● **What you should do**: Word for word, restate the listing; omit the pictures.

↓↓↓

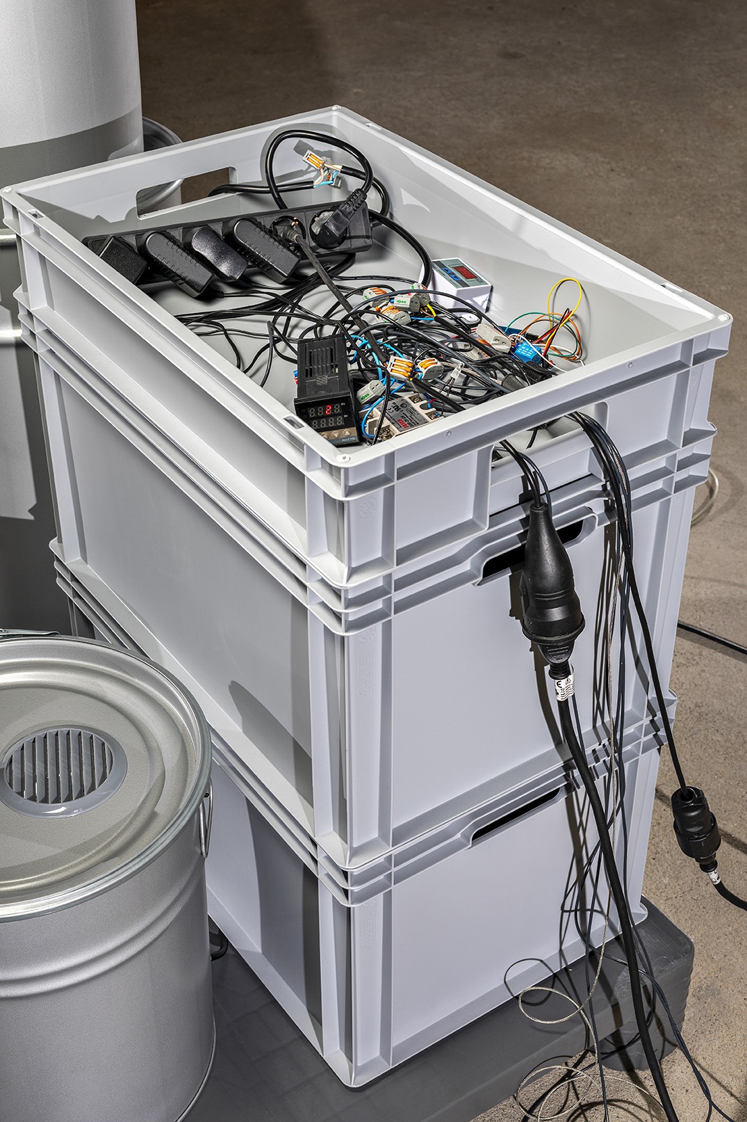Die funktionalen Einheiten der Anlage vermischen sich also immer mit den Bedingungen und den Handlungen der Mehlwürmer und der Künstlerin als eine Art Zeugnis der Gesamtbilanz. Das Gesamtsystem ist nie eindeutig, nie konstant, bleibt fragil, weil die sich verändernden Parameter es immer zwischen Kipppunkten pegeln lassen. Die Mehlwürmer bei HYBRIS reagieren höchst sensibel auf ihre Lebensbedingungen und entsprechend ergebnisoffen sind auch die Bilder, die sie ausfressen. Die Anlage ist die Welt der Mehlwürmer. Auch Künstler*innen reagieren wie Seismographen auf Veränderungen ihrer Welt.
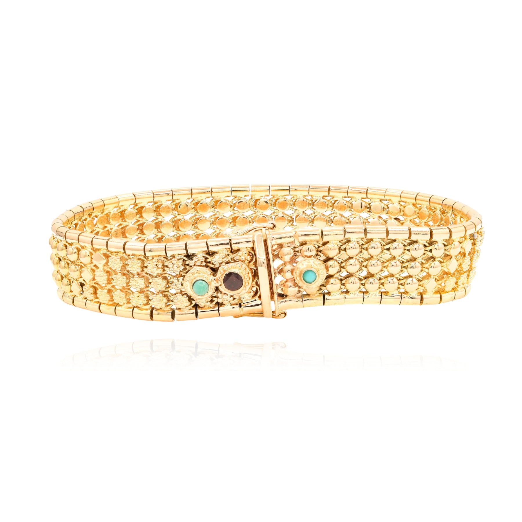 Estate 18K yellow gold 7 inch ball, diamond shape and flower sectioned link bracelet accented with round 2mm turquoise, round 2.3mm turquoise and 2.7mm round garnet. Valued at $9,300.
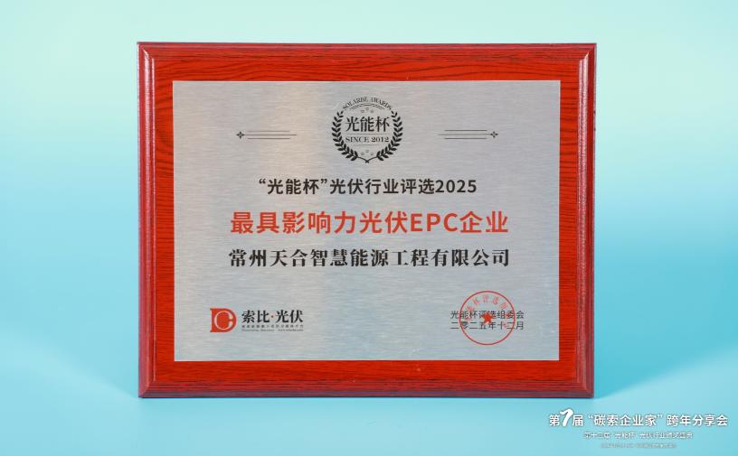 本届“光能杯”共有300余家光伏企业参与报名评选,角逐年度荣誉。此次颁奖盛典中,常州天合智慧能源工程有限公司凭借强大创新力、出色的品质与服务、卓越的品牌影响力,荣膺2025年度最具影响力光伏EPC企业。
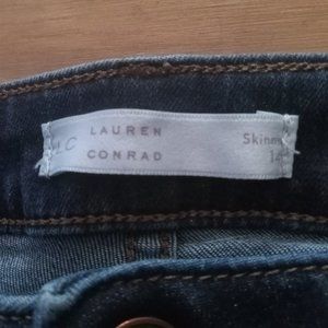 Size 14, high rise, dark wash skinny jeans. In good condition. Runs small.
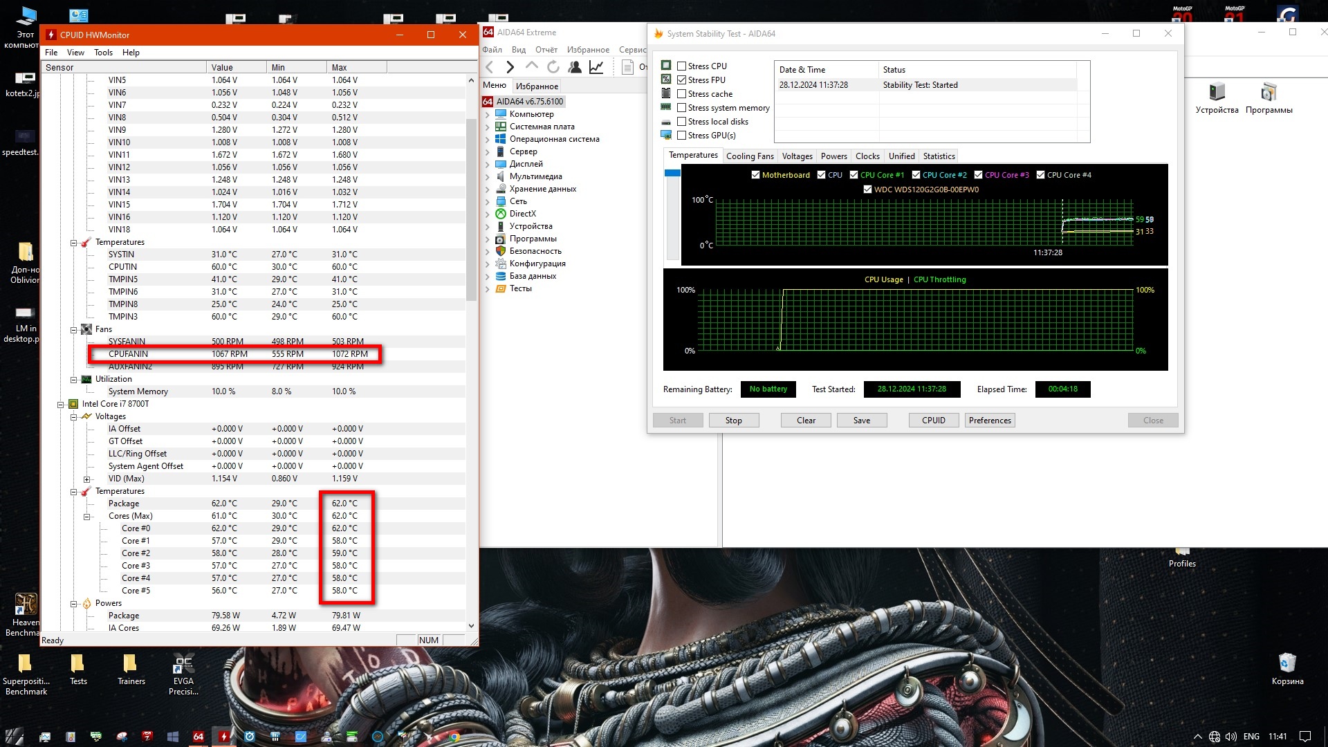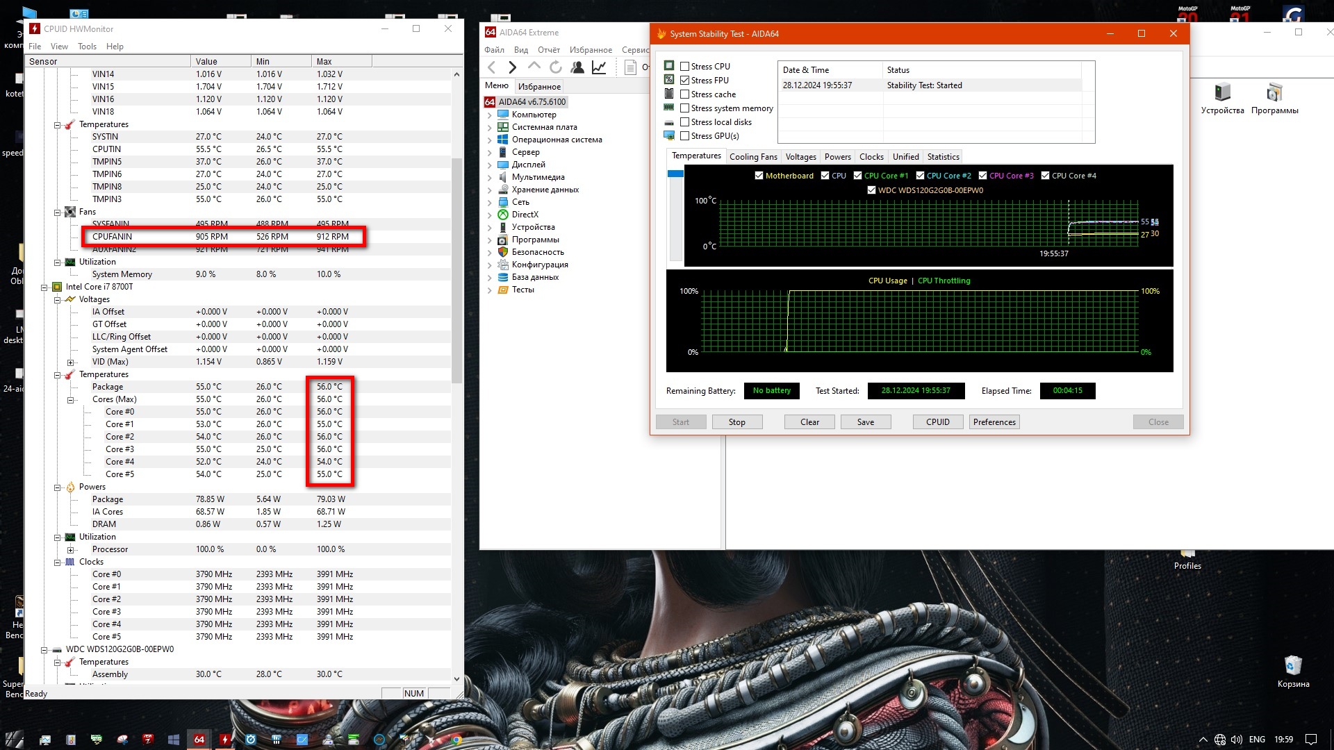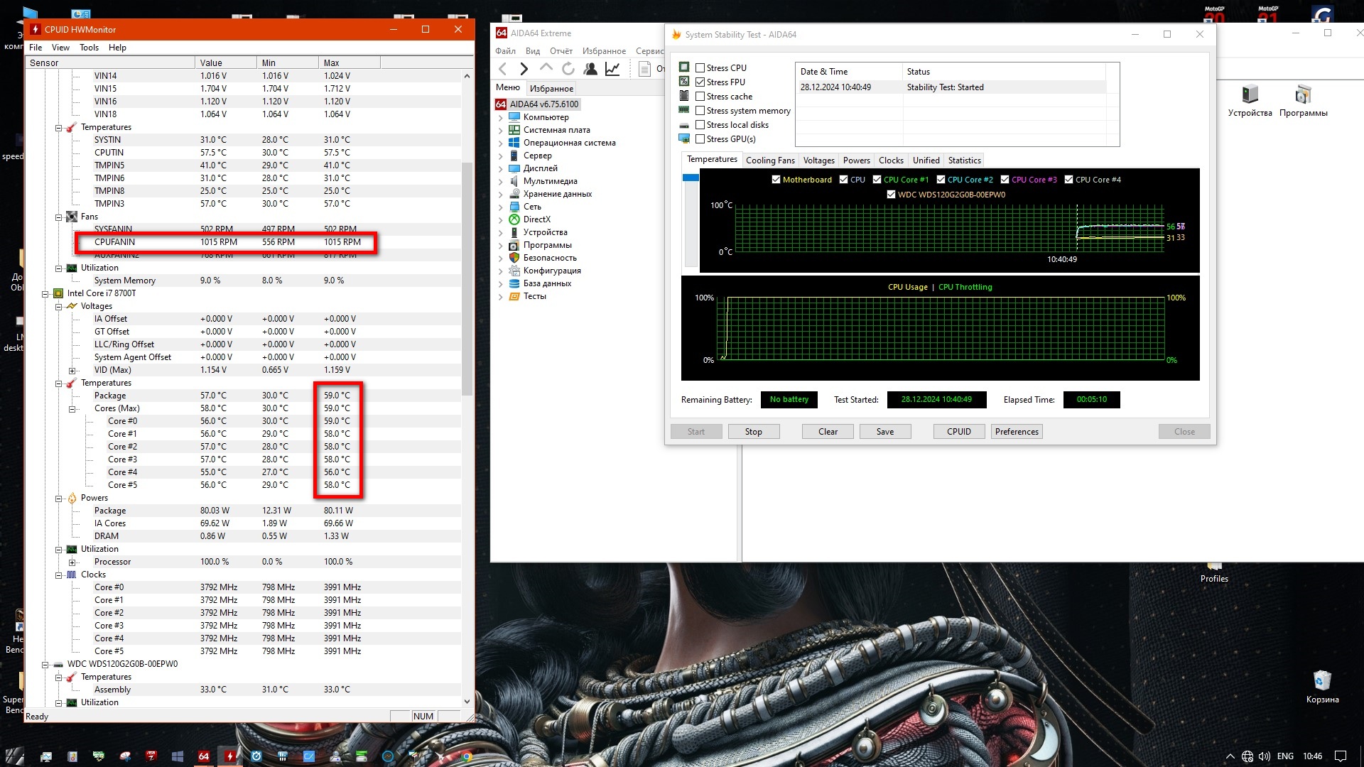 Тестирование пройдет с термопастой Coolmoon MT 8. Процессор i7-8700T (3800 МГц по всем ядрам), тестовая программа AIDA 64 (FPU only, в течение 5 минут), корпус NZXT Phantom 530 открыт. Температура в комнате 30 градусов...
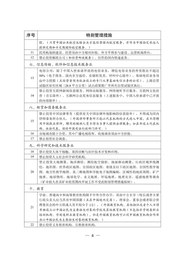 下方为《外商投资准入特别管理措施 (负面清单)(2020 年版) 》、《自由贸易试验区外商投资准入特别管理措施(负面清单)(2020年版)》详细内容
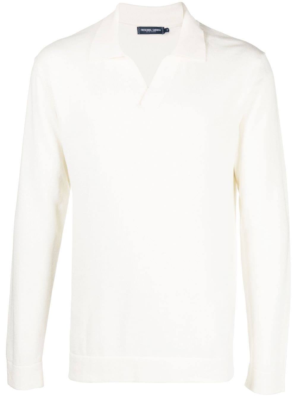 knitted long-sleeve polo shirt white cotton-wool blend fine knit polo collar front slit long sleeves straight hem Made in Italy Composition Cotton 85%, Wool 15% SIZE & FIT Model measurements Height 6 ft 2 in(1.89 m) Bust/Chest 35.82 in(91 cm) Hips 37.99 in(96.5 cm) Waist 32.28 in(82 cm) Measurement CHEST 45.47 in(115.5 cm) SLEEVE LENGTH 26.37 in(67 cm) LENGTH 29.52 in(75 cm) FittingInformation This piece fits true to size. We recommend you get your regular size Cut for a relaxed fit Made with a mid-weight fabric
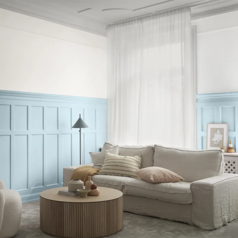 Stratosfär är en klar och ljusblå kulör som för tankarna till en klar sommarhimmel. Med sin livfulla nyans skapar den en ljus känsla och ger en frisk och luftig atmosfär till ett rum. Stratosfär är vacker att kombinera med krispiga vita, svala blå samt rosa och beiga nyanser.
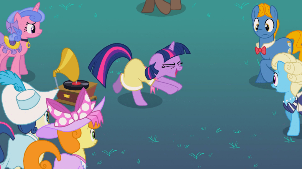 … her exuberant dancing (under an expansive definition of “dancing”) is so hilarious, it transcends words. All the guests from Canterlot back away in fear as Twilight Sparkle dances to her heart’s content, and she even sticks out her tongue briefly. Her normally collected nerd self has been washed away, and she’s gone unhinged.
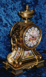 Kurzbeschreibung: Eine Kaminuhr aus feuervergoldeter Bronze mit Sevre Porzellan.Sie hat ein 10 Tage Ankerwerk und Schlagwerk auf Glocke.Zwei brünierte Löwenköpfe

↑↑↑

● **Answer to the exercise**:
Die funktionalen Einheiten der Anlage vermischen sich also immer mit den Bedingungen und den Handlungen der Mehlwürmer und der Künstlerin als eine Art Zeugnis der Gesamtbilanz. Das Gesamtsystem ist nie eindeutig, nie konstant, bleibt fragil, weil die sich verändernden Parameter es immer zwischen Kipppunkten pegeln lassen. Die Mehlwürmer bei HYBRIS reagieren höchst sensibel auf ihre Lebensbedingungen und entsprechend ergebnisoffen sind auch die Bilder, die sie ausfressen. Die Anlage ist die Welt der Mehlwürmer. Auch Künstler*innen reagieren wie Seismographen auf Veränderungen ihrer Welt.
 Estate 18K yellow gold 7 inch ball, diamond shape and flower sectioned link bracelet accented with round 2mm turquoise, round 2.3mm turquoise and 2.7mm round garnet. Valued at $9,300.
 本届“光能杯”共有300余家光伏企业参与报名评选,角逐年度荣誉。此次颁奖盛典中,常州天合智慧能源工程有限公司凭借强大创新力、出色的品质与服务、卓越的品牌影响力,荣膺2025年度最具影响力光伏EPC企业。
 Size 14, high rise, dark wash skinny jeans. In good condition. Runs small.
 Тестирование пройдет с термопастой Coolmoon MT 8. Процессор i7-8700T (3800 МГц по всем ядрам), тестовая программа AIDA 64 (FPU only, в течение 5 минут), корпус NZXT Phantom 530 открыт. Температура в комнате 30 градусов...
 下方为《外商投资准入特别管理措施 (负面清单)(2020 年版) 》、《自由贸易试验区外商投资准入特别管理措施(负面清单)(2020年版)》详细内容
 knitted long-sleeve polo shirt white cotton-wool blend fine knit polo collar front slit long sleeves straight hem Made in Italy Composition Cotton 85%, Wool 15% SIZE & FIT Model measurements Height 6 ft 2 in(1.89 m) Bust/Chest 35.82 in(91 cm) Hips 37.99 in(96.5 cm) Waist 32.28 in(82 cm) Measurement CHEST 45.47 in(115.5 cm) SLEEVE LENGTH 26.37 in(67 cm) LENGTH 29.52 in(75 cm) FittingInformation This piece fits true to size. We recommend you get your regular size Cut for a relaxed fit Made with a mid-weight fabric
 Stratosfär är en klar och ljusblå kulör som för tankarna till en klar sommarhimmel. Med sin livfulla nyans skapar den en ljus känsla och ger en frisk och luftig atmosfär till ett rum. Stratosfär är vacker att kombinera med krispiga vita, svala blå samt rosa och beiga nyanser.
 … her exuberant dancing (under an expansive definition of “dancing”) is so hilarious, it transcends words. All the guests from Canterlot back away in fear as Twilight Sparkle dances to her heart’s content, and she even sticks out her tongue briefly. Her normally collected nerd self has been washed away, and she’s gone unhinged.
 Kurzbeschreibung: Eine Kaminuhr aus feuervergoldeter Bronze mit Sevre Porzellan.Sie hat ein 10 Tage Ankerwerk und Schlagwerk auf Glocke.Zwei brünierte Löwenköpfe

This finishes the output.